The primary proportion of Vγ9δ2 T cells in PBMCs (3.14%) was consistent with that observed in a previous study (26) using flow cytometry (Fig. 1A). Subsequently, different doses of IPP and IL-2 at separate stages (Table II) were tested in order to determine a suitable protocol for culturing Vγ9δ2 T cells. Following 3–6 days of culture, clonal clusters were observed (Fig. 1B), suggesting the start of the logarithmic growth phase. To quantify the viability of Vγ9δ2 cells, CCK-8 assays were performed and the results indicated no significant difference in cell viability amongst the four different groups (Fig. 1C). Furthermore, to determine whether different combinations of IPP and IL-2 could influence the culture conditions of γδ T cells during the early stages of culture and encourage entry into the logarithmic growth phase, the Vγ9δ2 T cell proportion was determined using flow cytometry (Fig. 1D and E) and the total number of cells in culture were counted (Fig. 1F). The results from day 4 revealed that groups a and c, which were exposed to high doses of IL-2 (1,000 U/ml) from the beginning of culture, possessed significantly higher total cell numbers and a higher proportion of Vγ9δ2 T cells compared to groups b and d. This in turn also resulted in a higher Vγ9δ2 T cell count (Fig. 1G). However, during the early stages of culture (0–5 days) there was no difference between high and low doses of IPP in terms of the proportion of Vγ9δ2 T cells (Fig. 1E). On day 16, the time period generally used for ex vivo T cell long-term culture (31,32), there was no difference in the proportion of Vγ9δ2 T cells amongst the four groups (Fig. 1E). However, group b, where cells were cultured in 2 µg/ml IPP plus 100 U/ml IL-2 at the early stage and 1,000 U/ml IL-2 at the later stage, demonstrated the highest total cell count at 16 days (Fig. 1F) and the highest number of Vγ9δ2 T cells (Fig. 1G; Table III). These results indicated that the group b protocol could maintain long-term culture of Vγ9δ2 T cells, which is necessary for genetic modification of T cells through lentiviral transduction because enough time is allowed for expression of exogenous genes. For this reason, the group b culture protocol was chosen to expand the Vγ9δ2 T cells for genetic modification.

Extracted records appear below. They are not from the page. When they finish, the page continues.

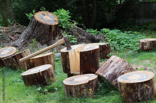 © Libor, Fototapeta premium Felled tree chopped up into logs. An ax stuck in a log. Inclined pine stump. Firewood.
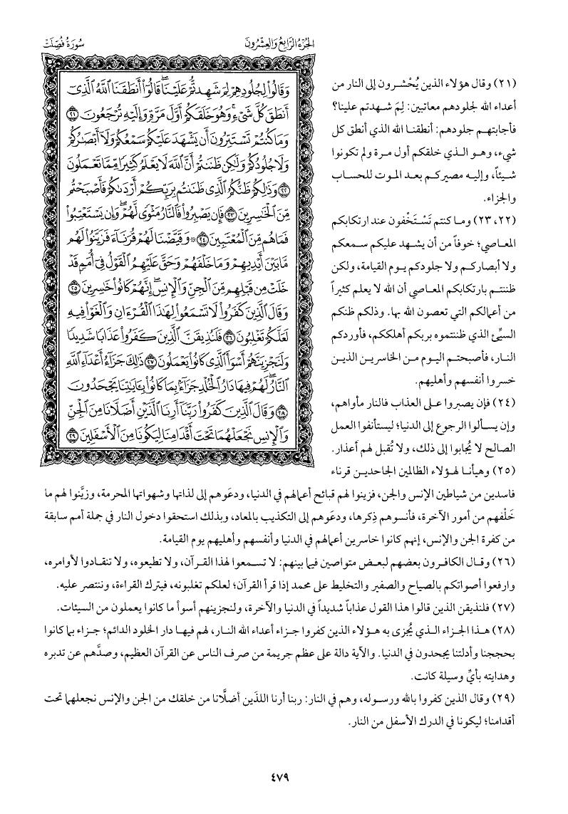 هذا الجزاء الذي يُجزى به هؤلاء الذين كفروا جزاء أعداء الله النار، لهم فيها دار الخلود الدائم؛ جزاء بما كانوا بحججنا وأدلتنا يجحدون في الدنيا. والآية دالة على عظم جريمة من صرف الناس عن القرآن العظيم، وصدهم عن تدبره وهدايته بأيِّ وسيلة كانت.
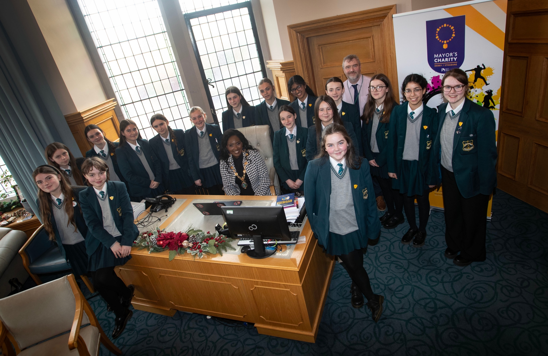 GUILDHALL VISIT. . . .The Mayor of Derry City and Strabane District Council, Lilian Seenoi-Barr in conversation with junior student prefects from Thornhill College during their visit to the Guildhall on Tuesday afternoon. Included is Mr. Greg White, teacher. (Photos: Jim McCafferty Photography)
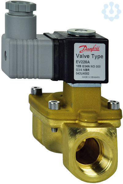 Magnetventil für Wasser stromlos geöffnet, mit 3/4 Anschluss Betriebswerte -10°C bis 90°C 0,2 bis 16 bar, 7qm/h 230V AC, 7,5W, IP65.
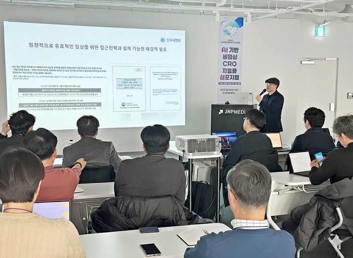 인하대병원은 지난 4일 인천 송도국제도시 포스코타워 메이븐홀에서 ‘AI 기반 비임상 CRO 자동화’를 주제로 한 심포지엄을 열고, 전임상 연구 전반에 걸친 AI 기술 활용 확대 방안을 논의했다고 6일 밝혔다. 이번 행사는 인하대병원 전임상평가센터가 주최하고 JNPMEDI가 후원했다.
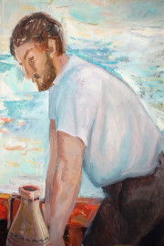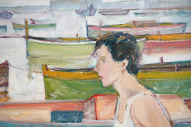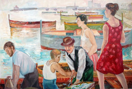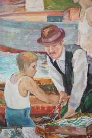 Pesce fresco al porto, olio su tela, cm 148x177, entro cornice.

Figure 1. Optimization of culture conditions for γδ T cells. (A) Proportion of Vγ9δ2 T cells in PBMCs from healthy donors was determined using flow cytometry. (B) Following 3–6 days of culture, the clonal clusters of γδ T cells were observed using microscopy (magnification, ×20). (C) Cell viability was detected by Cell Counting Kit-8. (D and E) PBMCs were stimulated with different doses of IPP and IL-2, and the proportions of Vγ9δ2 T cells were detected using flow cytometry during the logarithmic growth phase (3–6 days) and the plateau phase (16 days). (F) Cell counts were determined to reflect the efficiency of γδ T cell expansion in different culture conditions. (G) From the total cell count and proportion of Vγ9δ2 T cells, the Vγ9δ2 T cell counts were calculated. Data are expressed as the mean ± standard deviation. *P<0.05, ***P<0.001. The experiments were repeated three times. CD, cluster of differentiation; IL-2, interleukin 2; IPP, isopentenyl pyrophosphate; ns, not significant; PBMC, peripheral blood mononuclear cell, TCR, T cell receptor.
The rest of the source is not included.